Langmuir wave filamentation in the kinetic regime. II. Weak and Strong Pumping of Nonlinear Electron Plasma Waves as the Route to Filamentation

TL;DR

This paper investigates how weak and strong external pumping of Langmuir waves in the kinetic regime leads to filamentation instability, destroying wave coherence with different growth rates for each pumping strength.

Contribution

It introduces a detailed analysis of filamentation instability in nonlinear Langmuir waves under varying pumping conditions, extending previous work to include strong pumping effects.

Findings

Weak pumping yields filamentation growth rates similar to BGK modes.

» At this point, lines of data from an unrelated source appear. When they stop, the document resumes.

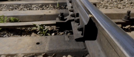 那枚硬幣再次滾落,正好卡在鐵軌中間。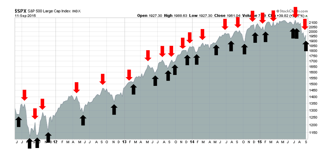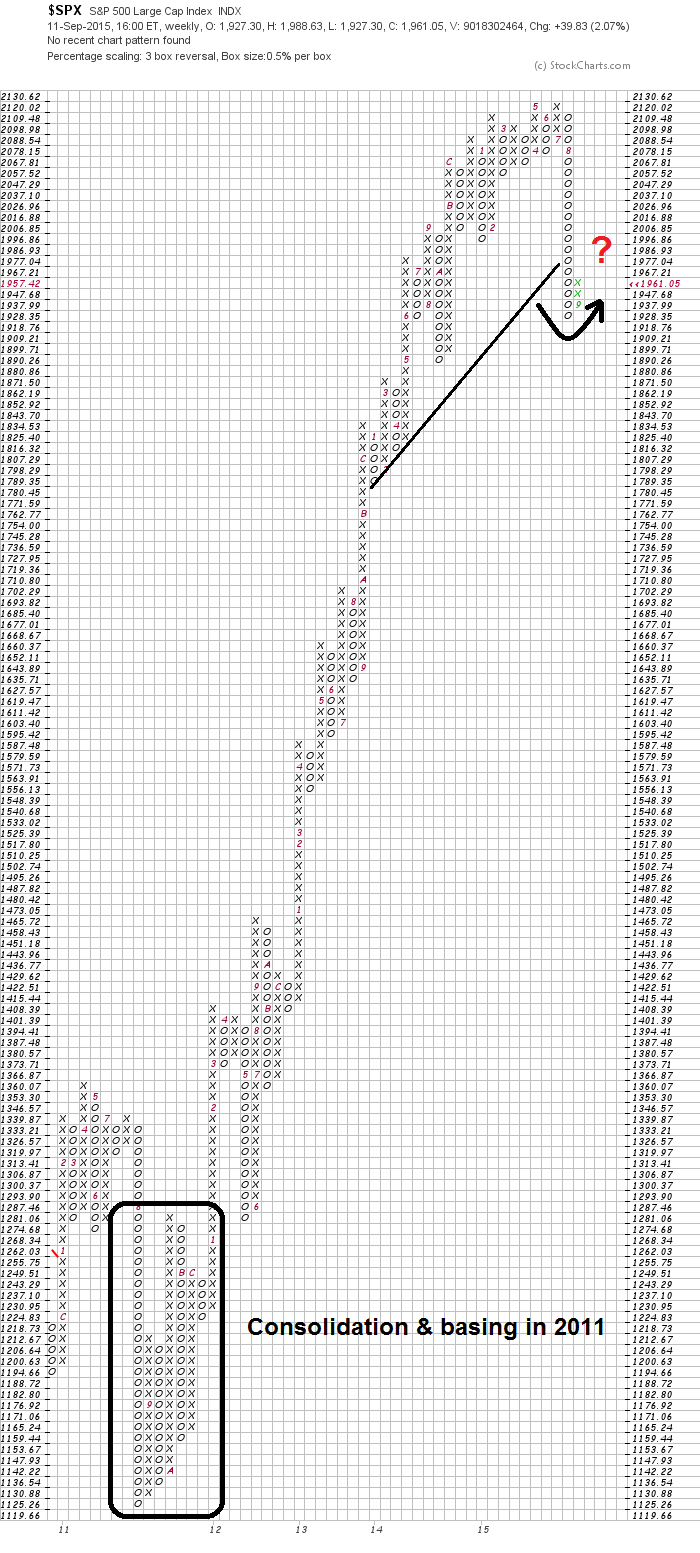 The point and figure chart of the SPX tells the story. Take 2011 as an example, the market went through a choppy sideways period before rallying to new highs. A V-shaped bottom in 2015 therefore looks highly unlikely.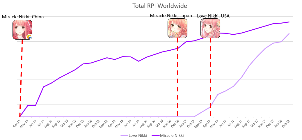 Total Revenue Per Install shows constant growth as well. Here you can see that the Western version, Love Nikki, is almost at the level of the Asian Miracle Nikki, with the US around 5$ per install.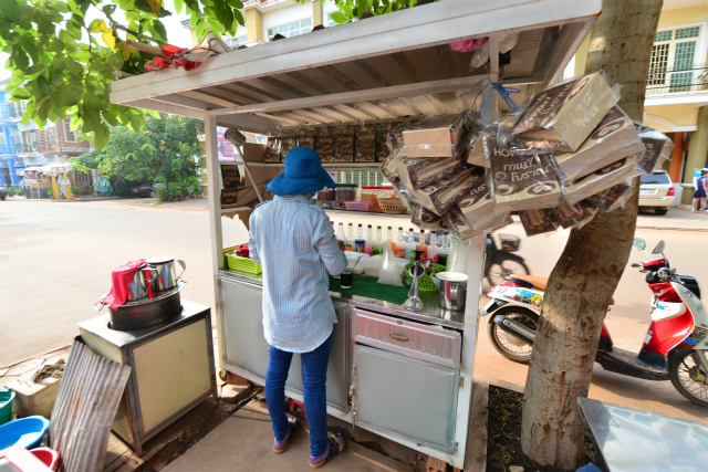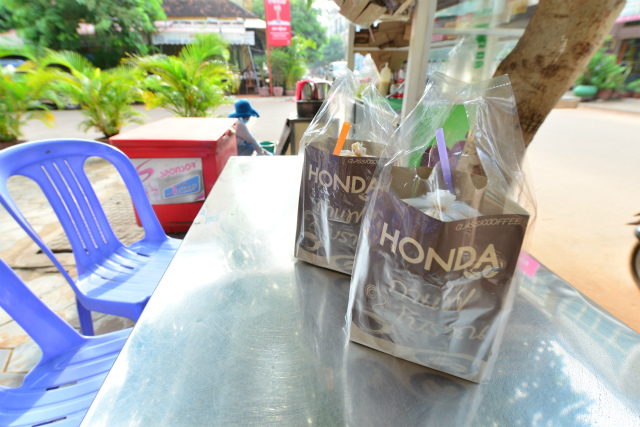 道路に完全に面しているテイクアウト用コーヒー屋があり、車やバイクに乗ったまま、声をかけると、2分くらいで出来立てコーヒー(1杯3000リエル、約80円)を渡してくれます。いや正確に言うとコーヒーだけでなく、ストロベリーや各種フルーツドリンクもです。
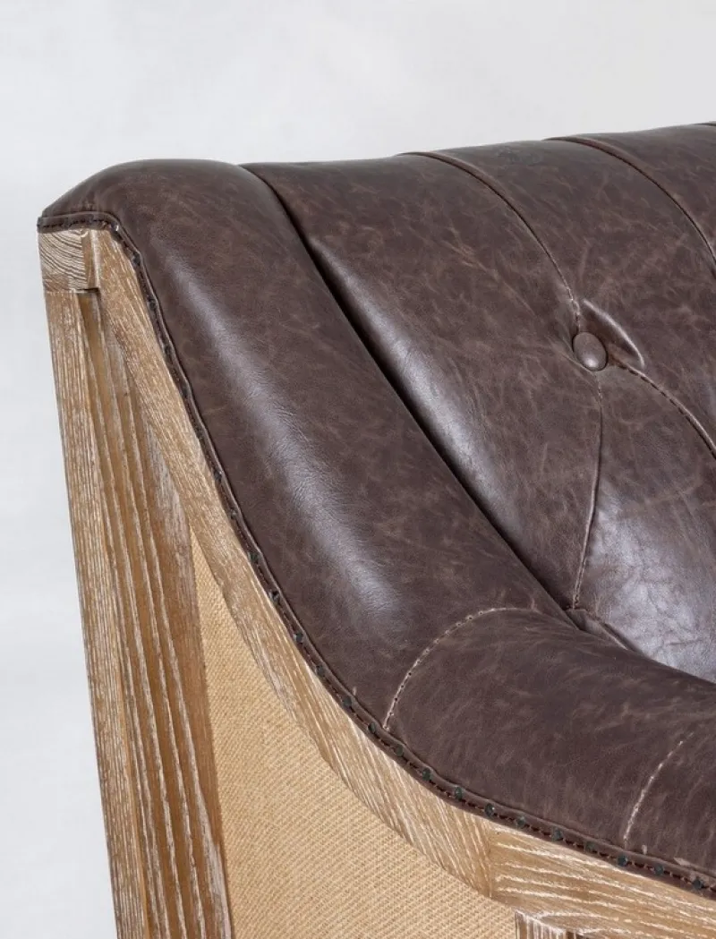 STRUTTURA E SCHIENALE IN LEGNO DI FRASSINO, RIVESTIMENTO (NON SFODERABILE) IN SIMILPELLE. IMBOTTITURA IN SCHIUMA POLIURETANICA SEDUTA (DENSITA’ 30KG/M3), SCHIENALE (DENSITA’ 25KG/M3).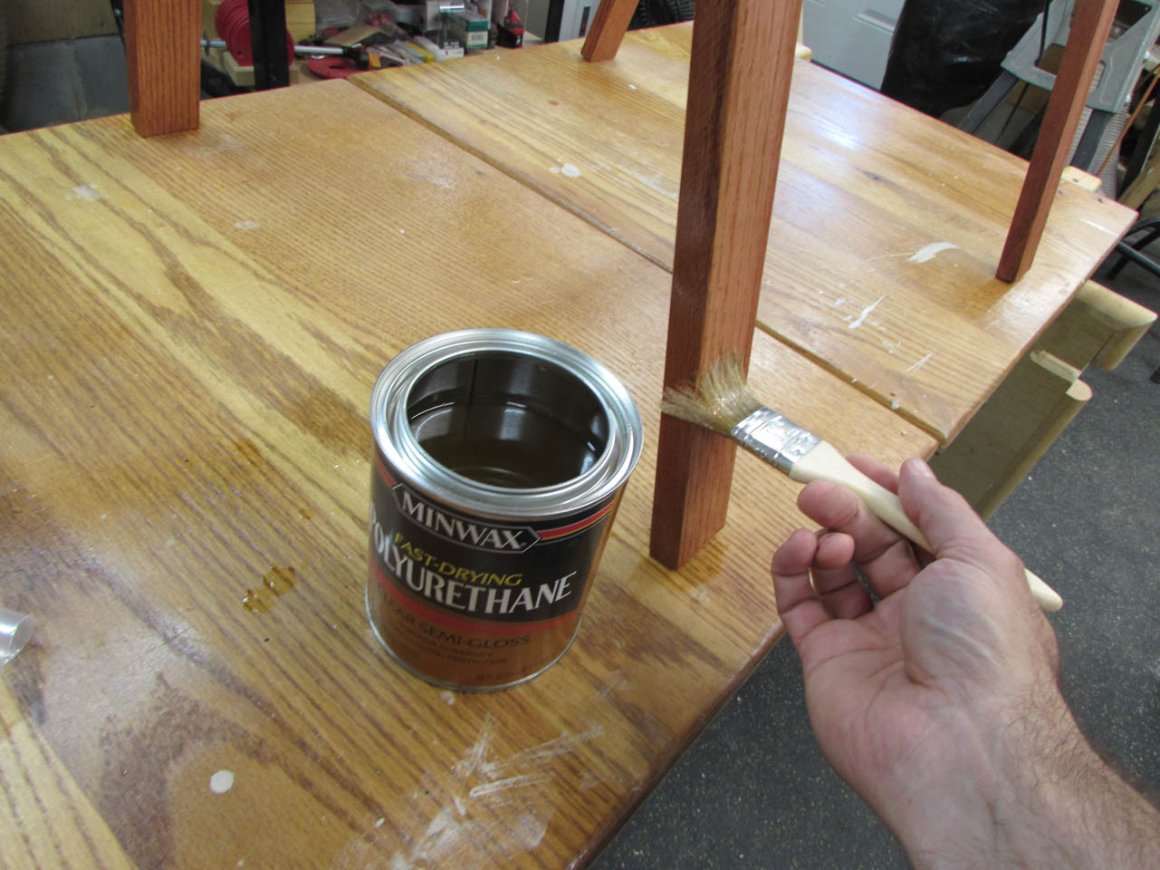 The next day, when the stain was dry, I started applying the polyurethane. I did not feel like disassembling everything, so I started in the hard-to-reach places first and worked my way down.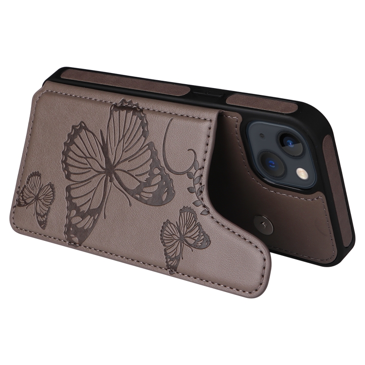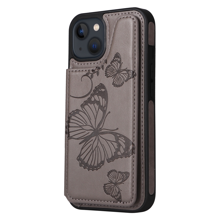 Estuche para iPhone 13 Mini a Prueba de Golpes con Patrón de Mariposa (Gris)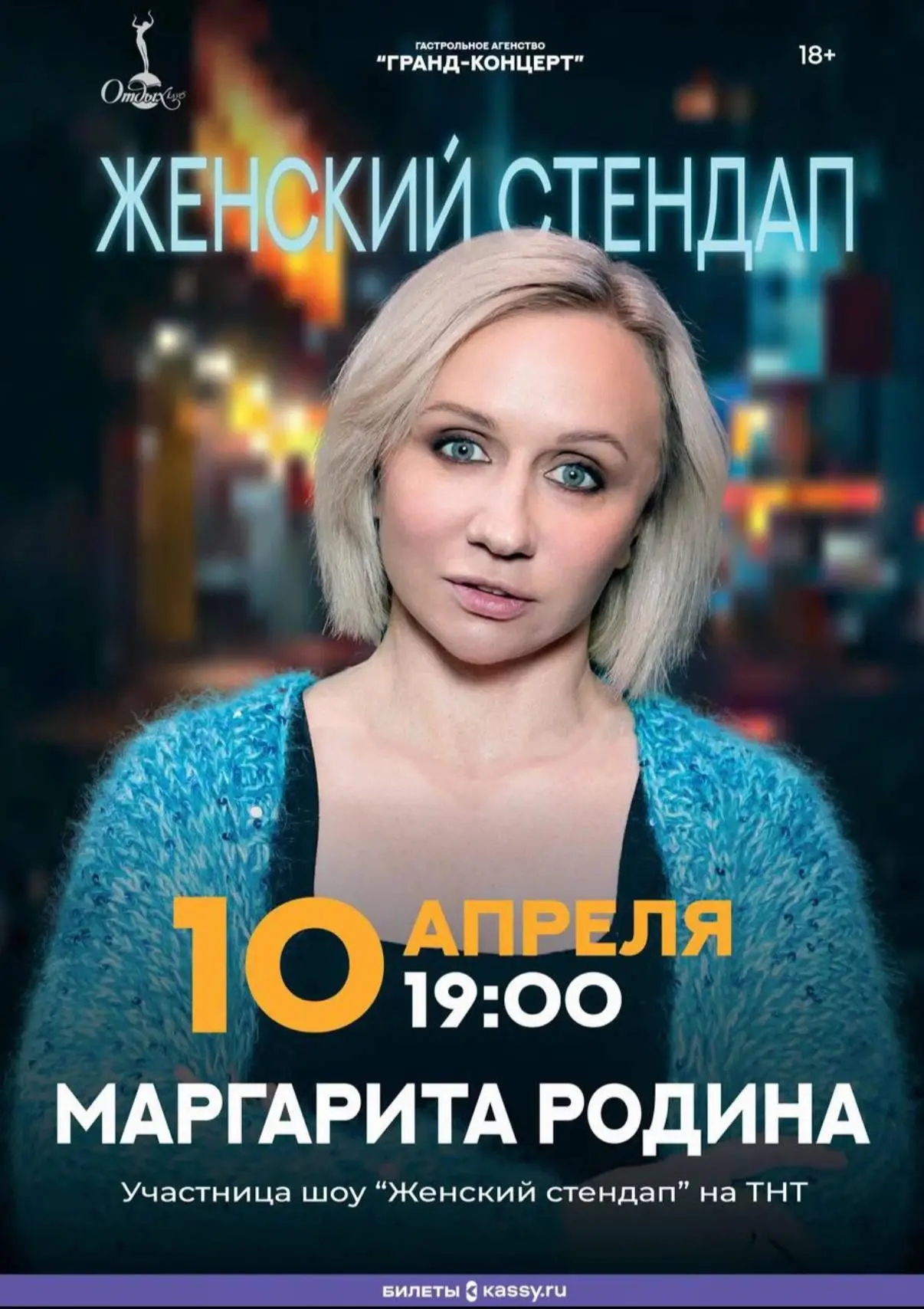 Маргарита Родина — звезда шоу «Женский стендап» на ТНТ и мать троих детей, которая своим примером доказывает, что после 40 жизнь только начинается! Ее сольный концерт — это не просто выступление, а искренний и веселый диалог с Вами, дорогие зрители, о том, как оставаться в отличной форме и сохранять бодрейшее чувство юмора.

Strong pumping results in higher filamentation growth rates.

Nonlinear evolution causes loss of transverse coherence in Langmuir waves.

Abstract

We consider two kinds of pumped Langmuir waves (LWs) in the kinetic regime, $k\lambda_D\gtrsim0.2,$ where $k$ is the LW wavenumber and $\lambda_D$ is the Debye length. They are driven to finite amplitude by a coherent external potential whose amplitude is either weak or strong. These dynamically prepared nonlinear LWs develop a transverse (filamentation) instability whose nonlinear evolution destroys the LW's transverse coherence. Instability growth rates in the weakly pumped regime are the same as those of BGK modes considered in Part I, while strongly pumped LWs have higher filamentation grow rates.